Little praise is given to smartphone manufacturers for improving one of the most common daily gripes of smartphone usage, and that is battery life.
When mobile phones were introduced in the 90s, battery life was barely a buying factor, given that most devices were low power consuming without colour display and cameras, capable of offering weeks of battery life.
However, after the launch of smartphones in the BlackBerry and early-iPhone era, device battery life became surprisingly accepted among smartphone users, while general usage time before a recharge was diminished to a day or just more among most devices.
Apps, games, smartphone features and innovations in mobile technology also seemingly trumped battery life among users in favour of the latest functionality or better performance until it became more accepted for a smartphone to offer just a few hours of use a day.

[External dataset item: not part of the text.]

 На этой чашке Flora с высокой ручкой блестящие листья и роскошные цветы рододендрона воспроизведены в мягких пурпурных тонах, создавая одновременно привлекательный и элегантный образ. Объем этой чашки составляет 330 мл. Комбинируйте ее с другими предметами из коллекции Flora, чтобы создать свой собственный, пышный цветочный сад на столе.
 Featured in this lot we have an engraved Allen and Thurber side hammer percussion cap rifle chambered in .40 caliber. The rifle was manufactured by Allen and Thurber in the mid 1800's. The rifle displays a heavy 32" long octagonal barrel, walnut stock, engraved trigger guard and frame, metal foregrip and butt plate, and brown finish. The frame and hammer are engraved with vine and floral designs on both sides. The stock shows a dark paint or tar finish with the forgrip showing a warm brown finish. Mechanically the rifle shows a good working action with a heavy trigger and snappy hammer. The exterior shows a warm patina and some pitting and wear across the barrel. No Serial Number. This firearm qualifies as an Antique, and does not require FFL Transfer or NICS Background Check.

Throughout the journey in the innovation of smartphone batteries, the world witnessed the repercussions of fighting to be first to market when a design flaw led to the global recall of one of Samsung's most popular series - the Note7- reportedly exploded around the world, while charging, leading to a worldwide recall of the device.

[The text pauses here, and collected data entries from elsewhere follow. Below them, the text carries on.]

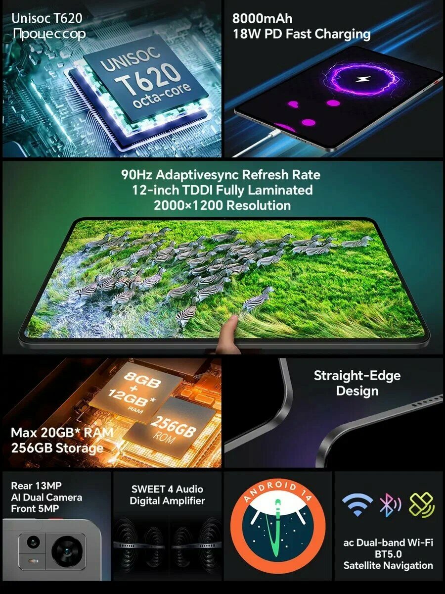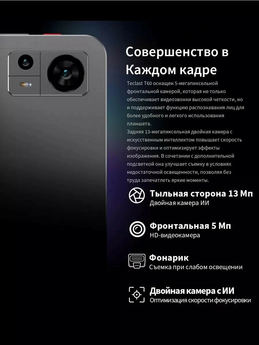 Этот планшет станет идеальным выбором для студентов, бизнесменов, геймеров и всех, кто ценит комфорт и функциональность. Teclast T60 – это инвестиция в вашу продуктивность и развлечения.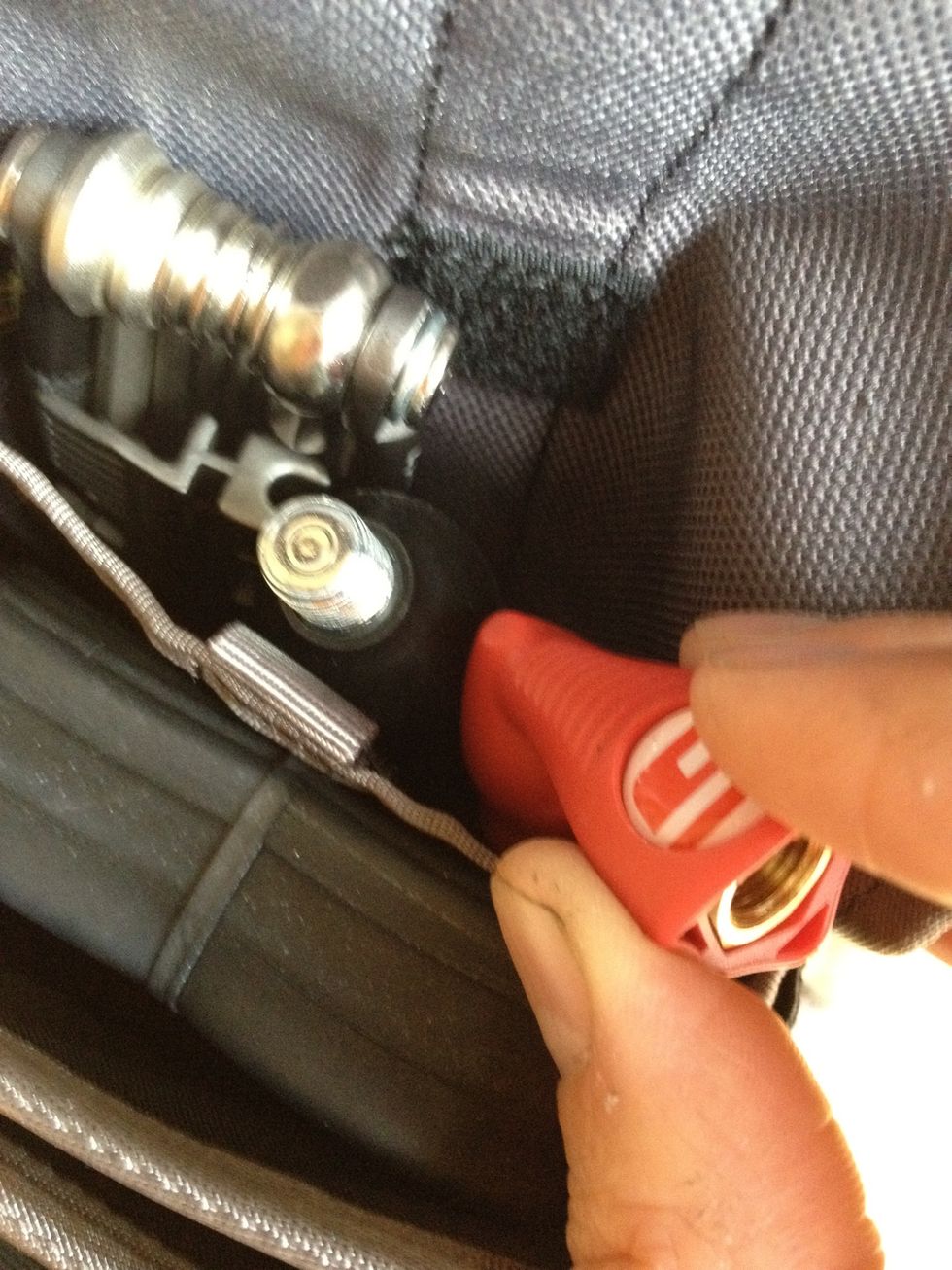 Pack in the inflator - make sure to leave the nozzle disconnected until you need to use it.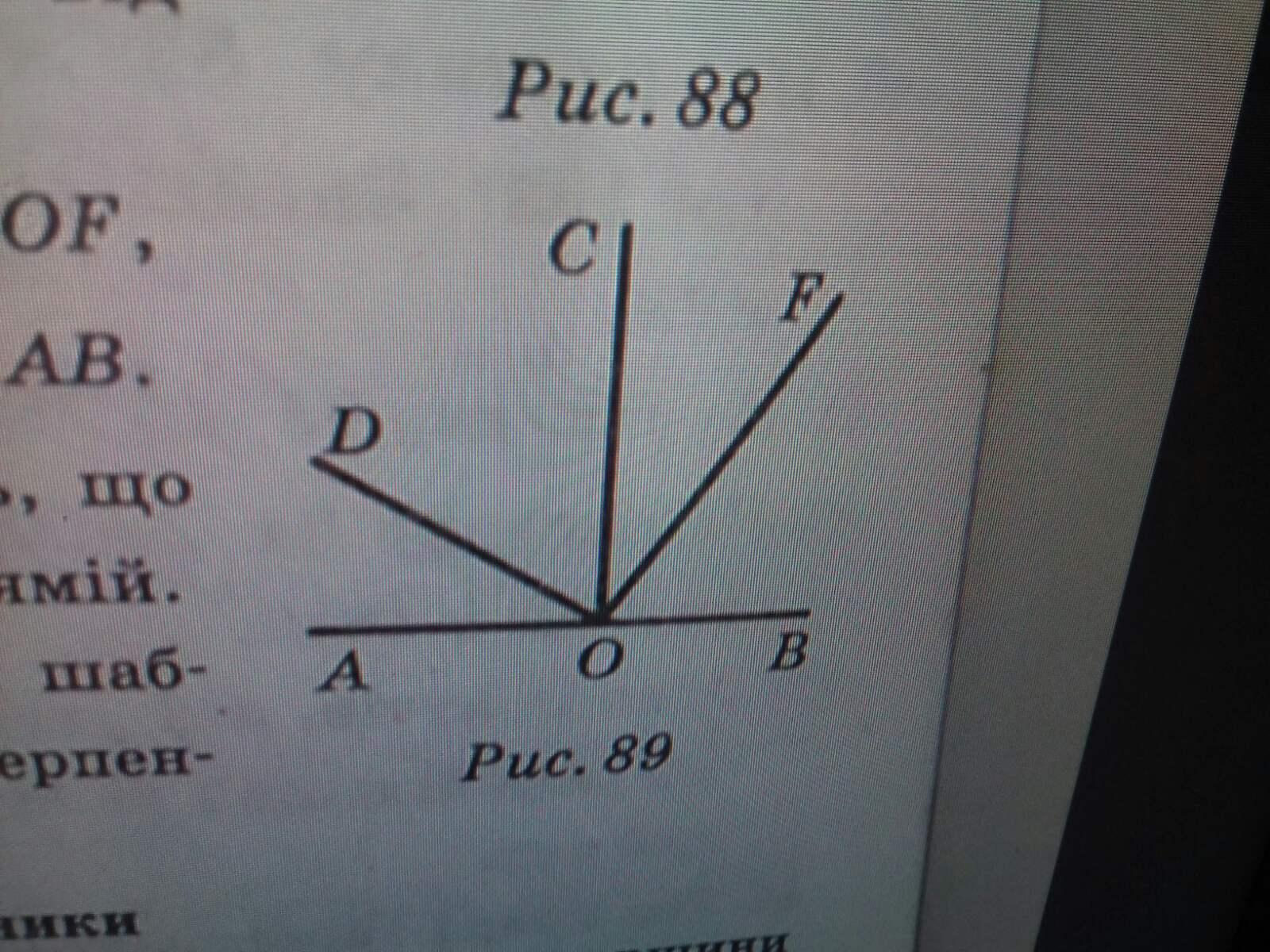 На рисунке 89 угол AOD равен углу COF ,угол DOC равен углу BOF Докажите,что OC перпендикулярно AB

Despite this, learning from its own mistakes, Samsung, along with other brands, took heed of the error, with safer smartphones becoming users’ preference over fast-charging batteries and longer battery life.
Today, type-C USB ports are becoming the industry standard among smartphones and their accessories.

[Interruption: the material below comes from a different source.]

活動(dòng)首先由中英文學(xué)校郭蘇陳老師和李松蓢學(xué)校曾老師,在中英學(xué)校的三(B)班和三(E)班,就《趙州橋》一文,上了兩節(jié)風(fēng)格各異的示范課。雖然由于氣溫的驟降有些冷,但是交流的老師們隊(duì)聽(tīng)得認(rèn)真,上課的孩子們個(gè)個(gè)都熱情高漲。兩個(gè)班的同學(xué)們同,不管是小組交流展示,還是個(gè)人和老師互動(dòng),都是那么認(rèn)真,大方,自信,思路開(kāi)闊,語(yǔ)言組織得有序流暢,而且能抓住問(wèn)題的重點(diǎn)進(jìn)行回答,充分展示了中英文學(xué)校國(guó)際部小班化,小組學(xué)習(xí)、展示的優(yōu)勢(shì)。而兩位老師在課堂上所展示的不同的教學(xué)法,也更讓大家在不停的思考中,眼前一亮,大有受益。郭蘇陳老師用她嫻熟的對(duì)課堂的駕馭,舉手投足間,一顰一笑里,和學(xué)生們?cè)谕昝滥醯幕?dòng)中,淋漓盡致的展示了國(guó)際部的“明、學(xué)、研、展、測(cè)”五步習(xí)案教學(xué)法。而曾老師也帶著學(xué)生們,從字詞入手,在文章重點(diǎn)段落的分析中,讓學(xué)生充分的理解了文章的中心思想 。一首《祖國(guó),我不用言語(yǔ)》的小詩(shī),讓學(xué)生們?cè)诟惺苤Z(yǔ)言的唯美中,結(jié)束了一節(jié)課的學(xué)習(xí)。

While most Android smartphones adopted the charging mechanism in its early introduction, Apple, which has yet to switch to USB-C, has until December 2024 to change from Lightning to the new USB-C standard.
The ruling came into place after the EU passed legislation requiring the iPhone and many other devices with wired charging to be equipped with a USB-C port to be sold in the region.
Because of its rapid adoption by smartphone manufacturers, very little is known about USB type-C. While it is the most versatile, fast, and high-performance connection type, its pros should be understood among users, with experts advising to charge a new smartphone with an authorised charger.
Type-C ports have become one of the innovations in smartphones, allowing more stable data connection and, most importantly, faster-charging capability.
Among the smartphone industry heavyweights, charging time has varied, with acceptable supercharge filling a smartphone battery from 0 to 100% cent in about half an hour. However, this time has recently been reduced to less than 10 minutes, indicating that a few minutes of charge time could keep users on the go for hours.
With notable manufacturers like Huawei, Samsung and Apple, making notable strides in more efficient charging, pioneering in the space are Oppo and Realme offering some of the most rapid charging in devices - thanks to its Super VOOC charging functionality.
In 2022, Oppo unveiled its 240W Super VOOC charging technology which can fully charge a 4,500mAh battery in just nine minutes and reach a 50% charge in just three and a half minutes, with the technology expected to make its way to a more affordable device segment in the future.
Despite this, there are cautions around using cables and wall plugs that are foreign to a new smartphone.
In fact, Oppo’s South African Operations head, Liam Faurie, told IOL that smartphone users should never consider using third-party cables when charging.
“Smartphone users should never use a third-party charger when recharging,” Faurie said.
“Not only are devices charged using different voltage and power inputs, but no manufacturer can guarantee device longevity, which promises to last four years if users manipulate a device's charging capability by using a charge that isn’t supplied with their smartphone at purchase.”
Meanwhile, other manufacturers are also taking responsibility for educating users on the risks of using third-party chargers. Amid the company’s migration to Type-C charging, Apple states that users of its products should ensure that third-party accessories are Apple certified.
“Apple recommends using only accessories that Apple has certified and that come with the MFi badge… Apple assumes no responsibility with regard to the selection, performance or use of third-party websites or products,” the company said on its website.
Using the wrong voltage charger when charging a phone can be very dangerous, as overheating the battery can lead to a fire.
The best option is to always stick with the charger boxed alongside a new phone to ensure that the charger is compatible and won’t become a hazard.
It is vitally important to check the charging cable’s compatibility against that of the wall plug for it and the smartphone itself to avoid damaging a device or causing more serious mishaps.